For decades, feminist academics and their neophytes on the campuses of the Western world but particularly the United States have been bombarding the media and politicians with their ludicrous claims about a so-called rape culture. According to them, one woman in five, one in four, or even one in three will be raped or sexually assaulted at some point in her life if not in her freshperson year. Nowhere are these sexual assaults more rampant than on campus. Now though the rad-fems and their white knight allies have finally overplayed their hand, and the truth is being slowly revealed.

The full length documentary The Hunting Ground that was released in January this year, endorses this nonsense, but has been severely criticised including by no fewer than 19 Harvard law professors in a press release relating to the allegation that a student named Kamilah Willingham was raped by another student.

Harvard alumnus Willingham is now Program and Outreach Director of the California Women’s Law Center, something that will surprise no one who is au fait with the true facts of her case. Previously she worked for Just Detention International. Willingham comes across as an intelligent, soft spoken, homely, attractive girl, the butter-wouldn’t-melt-in-her-mouth type. She is certainly both soft spoken and attractive, but she is also a shameless liar who has the temerityto call herself a survivor of sexual assault, as though her life was in danger the night high on cocaine and alcohol she had an ambiguous sexual encounter with Brandon Winston, who although cleared of sexual assault had his life put on hold for four years and his future nearly destroyed because of her venality.

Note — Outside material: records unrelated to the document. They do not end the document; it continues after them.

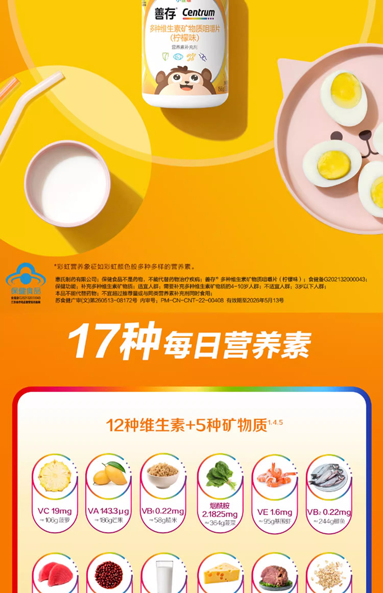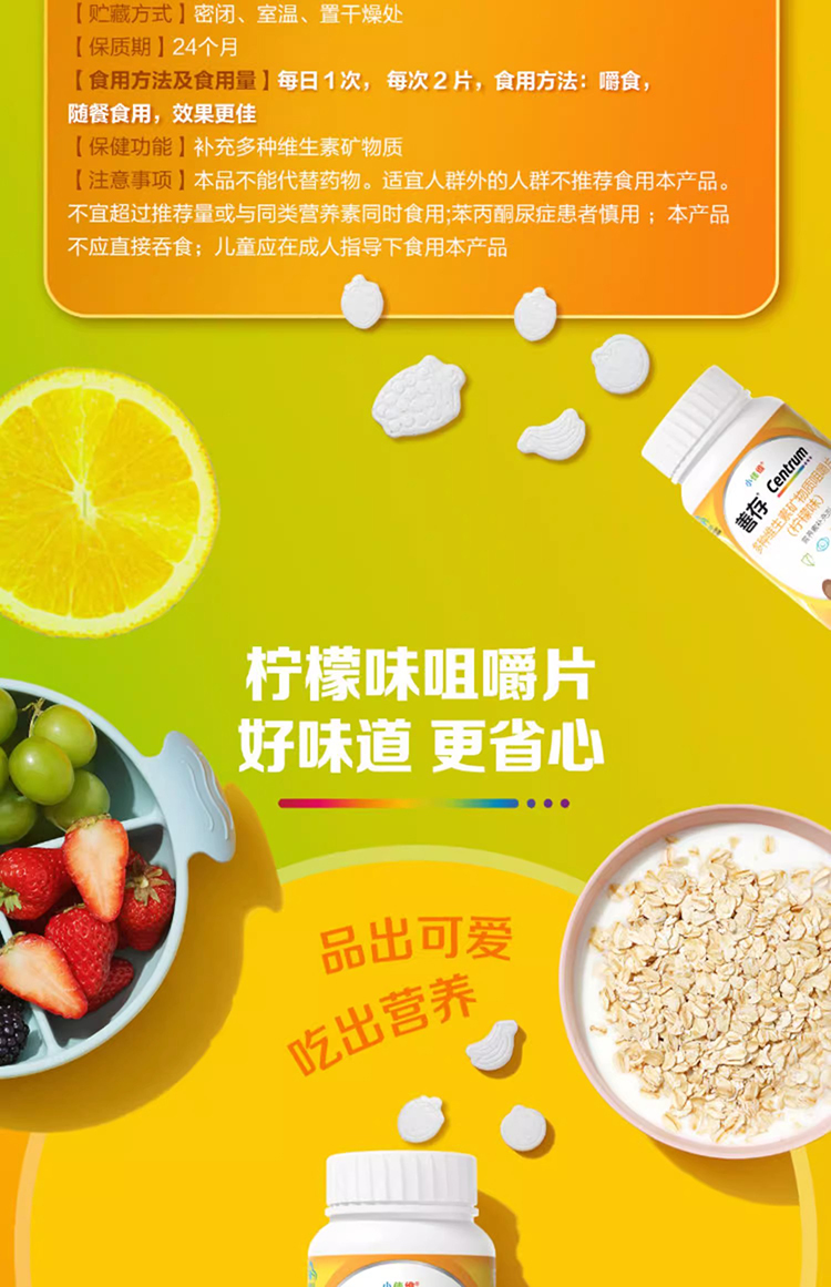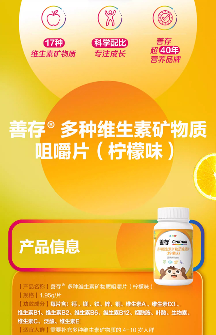 商品名称:善存小佳维多种维生素矿物质咀嚼片40片儿童b族补充vc维C维生素c钙铁锌复合维生素钙片
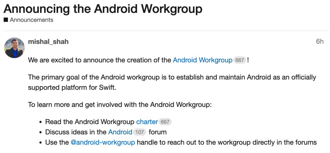 其实这次 SDK 的发布出自今年早些时候成立的 Swift Android 工作组之手。
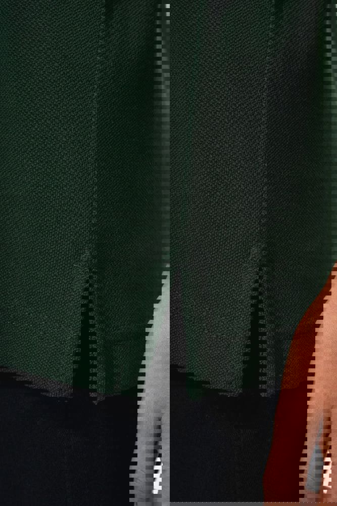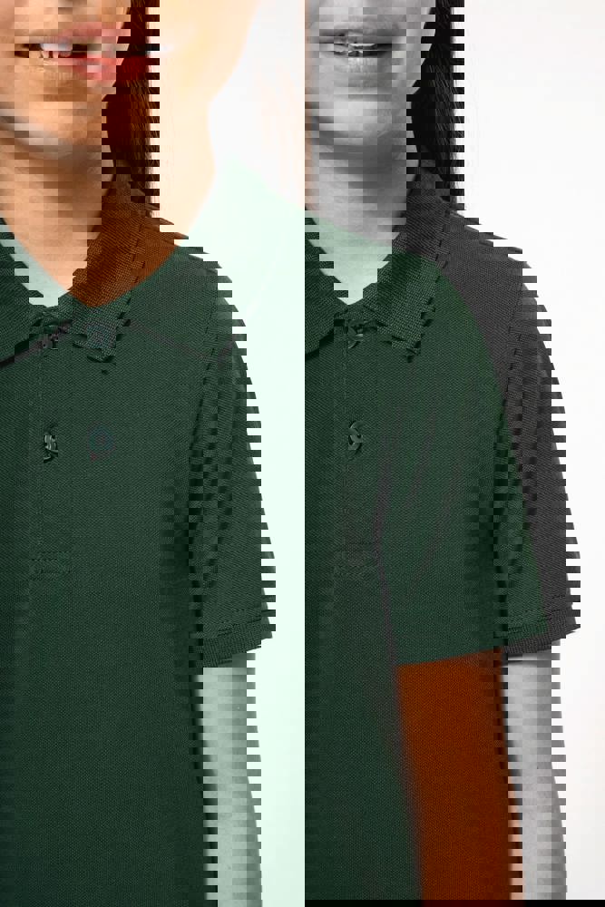 100% biologisch katoen. Gekamd katoen en piquétricot. Enzymgewassen. Rechte snit. 1x1 ribboord aan hals en mouwuiteinden. Knooplijst met twee bijpassende knopen. Bijpassende nektape in de hoofdstof in de kraag. Verstevigde schouders. Zijsplitten. Boord onderaan afgewerkt met dubbel stiksel. Geen merklabel, enkel een afscheurbaar maatlabel voor eenvoudige personalisatie.
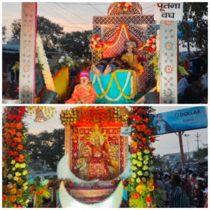 कोसीकलां। शारदीय नवरात्रि के पावन अवसर पर तृतीय दिवस को मां चंद्रघंटा की भव्य एवं दिव्य झांकियां ग्यालाल स्मृति भवन से प्रारंभ होकर नगर में श्रद्धा, भक्ति और उल्लास के साथ धूमधाम से निकाली गई। मां चंद्रघंटा की सुसज्जित एवं आकर्षक झांकी के साथ-साथ विभिन्न देवी-देवताओं, पौराणिक प्रसंगों एवं सांस्कृतिक विषयों पर आधारित अनेक मनमोहक झांकियां शामिल रहीं, जिन्होंने उपस्थित श्रद्धालुओं का मन मोह लिया।
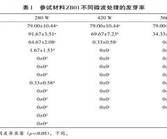 摘 要 为探究微波处理对油菜种子活力的影响,以3个品种的油菜种子为试验材料,设置5个微波功率、12个时长处理,分析不同处理下油菜种子的发芽率、发芽势、发芽指数、正常苗率和种子浸出液电导率变化规律。结果表明:不同微波处理下,各试验材料的种子活...
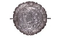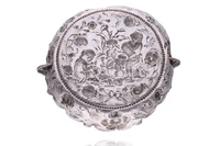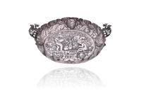Centro meta' dell'800, realizzato in argento 800, decorato a sbalzo e cesello con putti ed elementi floreali, manici con draghi a fusione applicata, h 7 x 22 x 19,5, difetti - Grammi 259,50

Willingham had been out clubbing with Winston and a female friend. All three appear to have consumed copious amounts of alcohol and to have taken cocaine. Cocaine is of course a highly illegal substance in the US, and not the sort of thing a student should have been shoving up her nose while studying at one of America’s most prestigious institutions of higher learning. It is well documented that prolonged use of cocaine can cause both visual and audio hallucinations, but even a single line can be dangerous, especially when used in conjunction with alcohol. As one academic source points out:

“Some cocaine users report feelings of restlessness, irritability, anxiety, panic, and paranoia.”

The very sort of things a genuine rape victim might feel.

How much credibility does Willingham’s claim have anyway when she admits to clubbing, drinking alcohol, snorting coke with a long time friend, then accuses him of drugging and sexually assaulting her when he stays the night? But wait, here comes the kicker, if a man and woman get drunk together, get high on cocaine or some other drug, then have sex, he can be held accountable for his actions by being accused or even convicted of rape, but the other party, however willing, gets to call herself a survivor. In any case, as stated, Willingham’s alleged attacker was cleared of sexually assaulting her, but this plausible though venal young woman is still claiming survivor status, and albeit on a smaller scale than Somaly Mam, conning the world.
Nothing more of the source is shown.